2.20. Penicillium aculeatum Raper and Fennell

Penicillium aculeatum is a mold belonging to Trichocomaceae. Very little information has been reported in the literature about it and its ecological role: in freshwater environments, it was isolated as an endophyte from the leaves and roots of Phragmites australis. This mold is significant in the production of pigments and other molecules with pharmaceutical properties. The broth and the mycelial ethyl acetate extract of P. aculeatum showed antimicrobial activity against S. aureus ATCC 25923 (MIC value of 200 and 128 µg/mL, respectively). Only the second one showed antimicrobial activity also against Criptococcus neoformans ATCC 90113 (MIC value 200 µg/mL). Moreover, it also has cytotoxic activity against KB cell lines (oral cavity cancer cell lines) with an IC50 value of 27.56 µg/mL. Antimicrobial activity was registered for mycelial hexane extract against C. neoformans and Mycobacterium tuberculosis H37Ra (MIC values of 200 and 50 µg/mL, respectively), together with the antimalarial effect, and the cytotoxic effect against KB and MCF-7 (IC50 values of 3.75, 21.14, and 35.74 µg/mL, respectively).
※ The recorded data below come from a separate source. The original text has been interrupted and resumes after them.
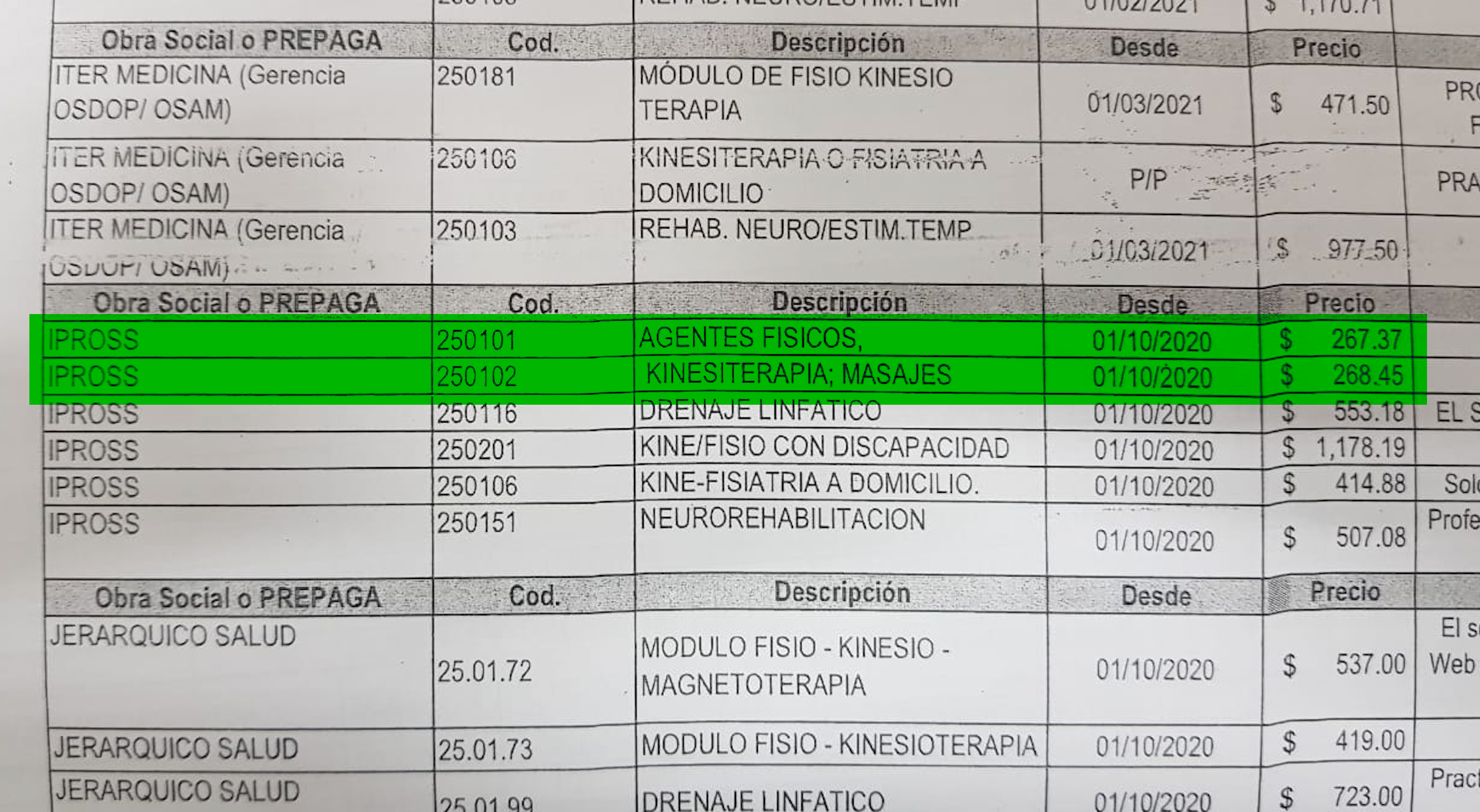 De acuerdo con lo explicado por profesionales de la especialidad, el Ipross paga cada sesión de manera dividida, estableciendo dos códigos en su nomenclador: 250101 para “agentes físicos” y 250102 para “kinesiterapia-masajes”. El valor reconocido para la primera es de 267,37 pesos, en tanto que para la segunda se asignan 268,45 pesos, conformando los 535,82 pesos por cada sesión.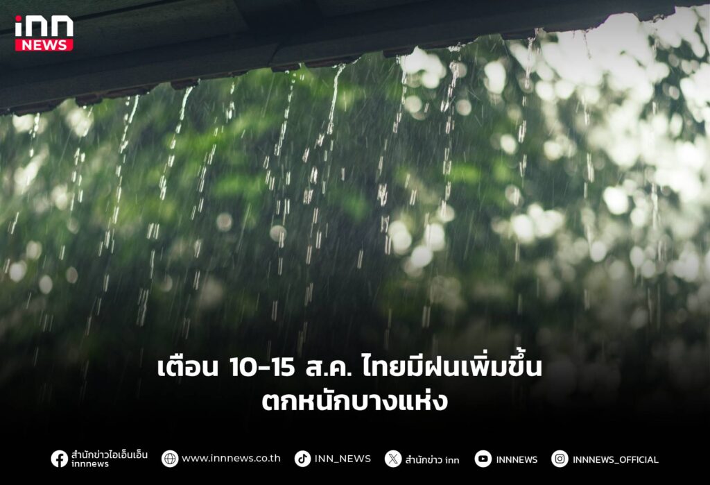 เตือน 10-15 ส.ค. ไทยมีฝนเพิ่มขึ้น ตกหนักบางแห่ง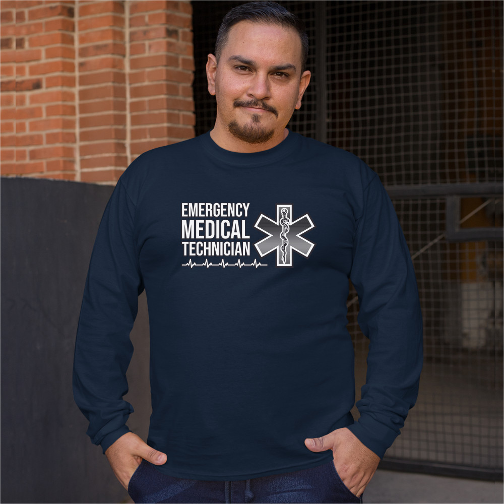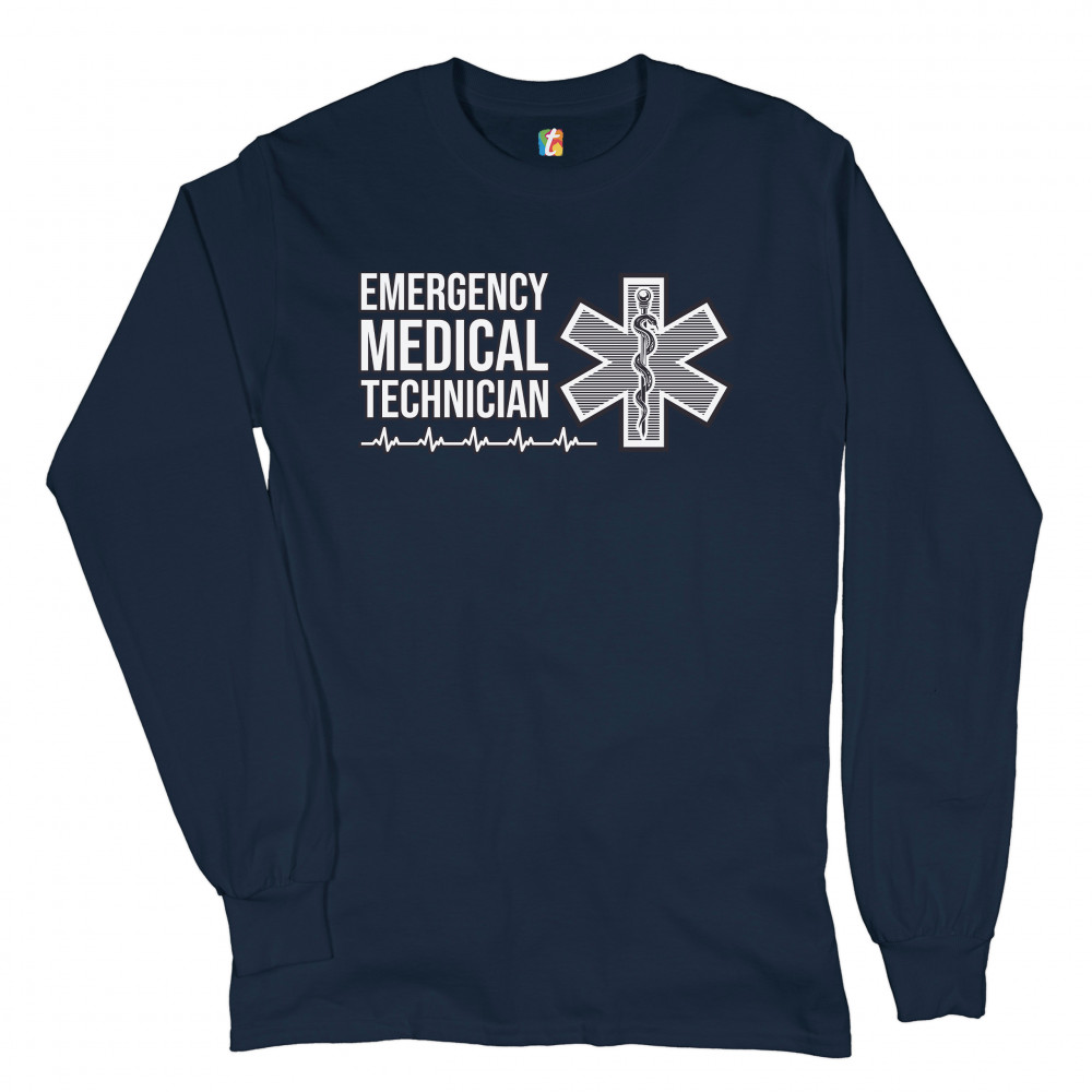 EMERGENCY MEDICAL TECHNICIAN long sleeve t-shirt emt ems first responder navy blue

In addition, nine secondary metabolites were isolated from the broth extract, and some of them exhibited antimicrobial and cytotoxic activity. In particular, penipurdin A showed an inhibitory effect against M. tuberculosis with an MIC value of 25 µg/mL. Altenusin showed a moderate inhibitory effect against S. aureus with an MIC value of 32 µg/mL and a moderate cytotoxic effect against African green monkey kidney fibroblast [117]. The ankaflavin, a pigment extracted from P. aculeatum, was tested for cytotoxic activity against MCF-7, HCT116, and PC-3 cell lines. While it showed very limited toxicity against MCF-7, significant results were obtained against HCT116 and PC-3 cell lines with IC50 values of 162 µg/mL and 85 µg/mL, respectively [118]. Hawas et al. [119] isolated two new sulfonyl metabolites from the ethyl acetate extract of P. aculeatum called pensulfonoxy and pensulfonamide. Ethyl acetate extract showed antibacterial activity against E. coli (diameter of inhibition zone of 20.5 mm), while pensulfonamide showed not only an inhibitory effect against C. albicans (diameter of inhibition zone of 18 mm) but also potent cytotoxicity against MCF-7 cell line (IC50 2.18 µM). In contrast, pensulfoxony only showed a mild cytotoxic effect against the HTC-116 cell line (IC50 5.23 µM).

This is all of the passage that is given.